Last month, Ofcom published its Strategic Review of Digital Communication, which outlines a strategy to promote the rollout of ultrafast broadband facilities on a large scale, based on cable and fibre lines.
While the regulator stopped short of demanding that Openreach be separated from BT, it did suggest that it be governed "at arm's length from BT, with greater independence in taking its own decisions on budget, investment and strategy".
However, the Co-operative Party believes this decision means Openreach will continue to be run in the interests of BT's shareholders, rather than those who use phone and broadband services.
General Secretary Claire McCarthy has therefore suggested that Openreach should become a mutual organisation and be owned by the "households and businesses who rely on it".
Speaking to the Guardian, she said: "Run on a not-for-profit basis, a public-service Openreach would be tasked with ensuring a fair playing field for all providers that use its infrastructure.
"The proceeds from the services it provides would then be reinvested, pushing up standards and speeds for all."
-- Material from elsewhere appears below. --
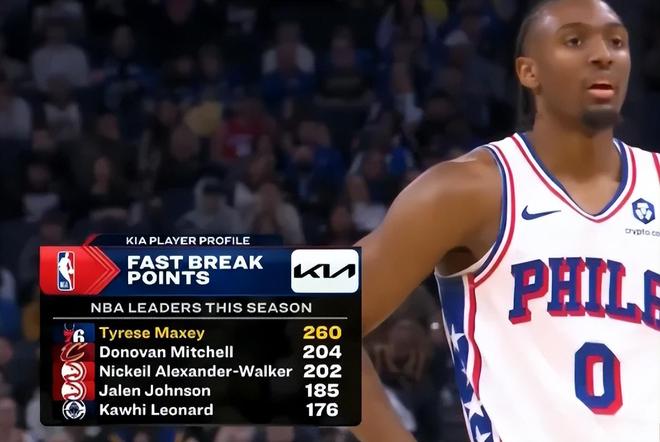 值得一提的是,本赛季快攻得分马克西以260分断崖式领先,高居全联盟第一位。
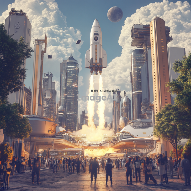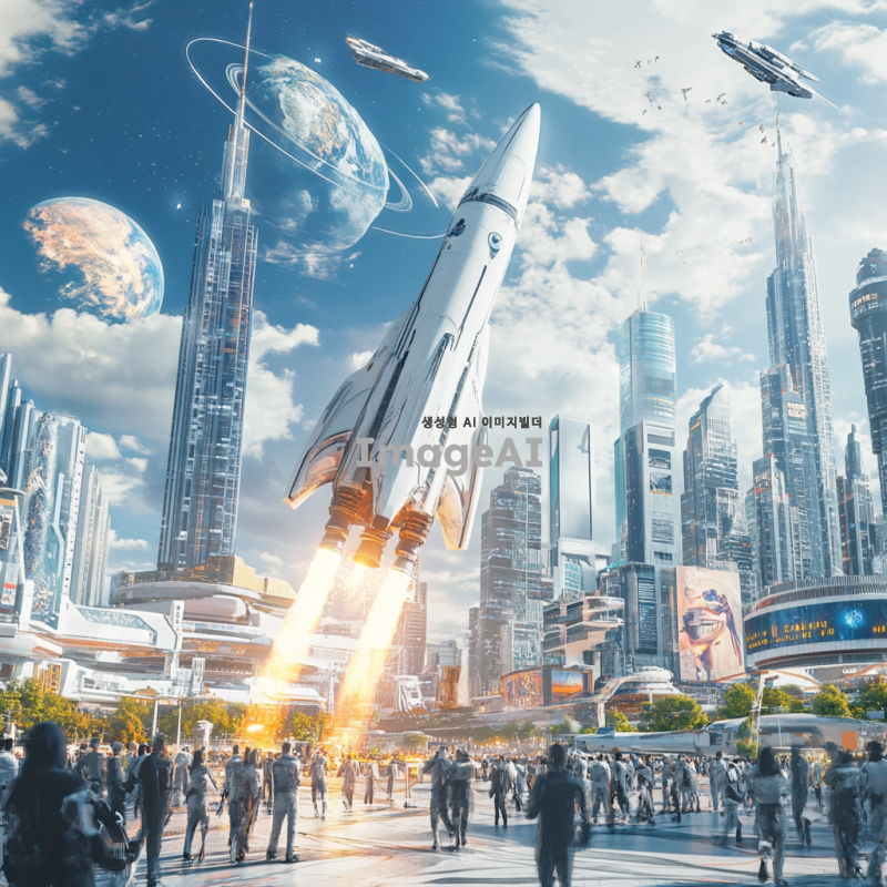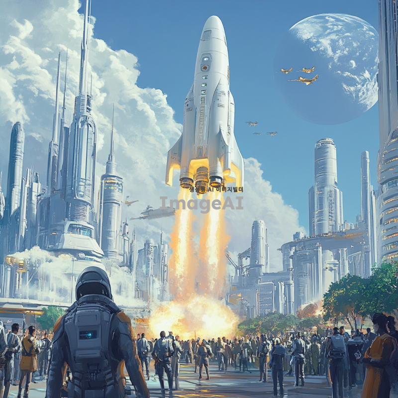 우주기업의 발전으로 인해 변화하는 일상 생활을 주제로 한 이미지. 현대적인 도시 풍경 속에 우주선이 이착륙하는 모습, 사람들은 우주 여행을 준비하며 신기한 기술을 사용하고 있는 장면. 다양한 인종의 사람들이 함께 모여 우주 관련 이벤트에 참여하고, 우주 기업의 로고가 보이는 배경. 미래적이고 혁신적인 분위기를 강조하며, 우주와 관련된 다양한 요소들이 조화를 이루는 모습.

Ms McCarthy went on to stress that fast and reliable telecoms are too important a part of the UK's economic future for "any single private interest to have a stranglehold on the underlying infrastructure".
While Ofcom is not advocating a complete split of BT and Openreach at the moment, the regulator confirmed it "remains an option".
One of its key recommendations is to support investment by rival providers to make the market more competitive and reduce the country's reliance on Openreach.
Ofcom hopes to achieve this goal by improving access to Openreach’s network of telegraph poles and its ducts - the underground tubes that carry telecoms cables. This will enable competitors to connect their own fibre optic cables directly to homes.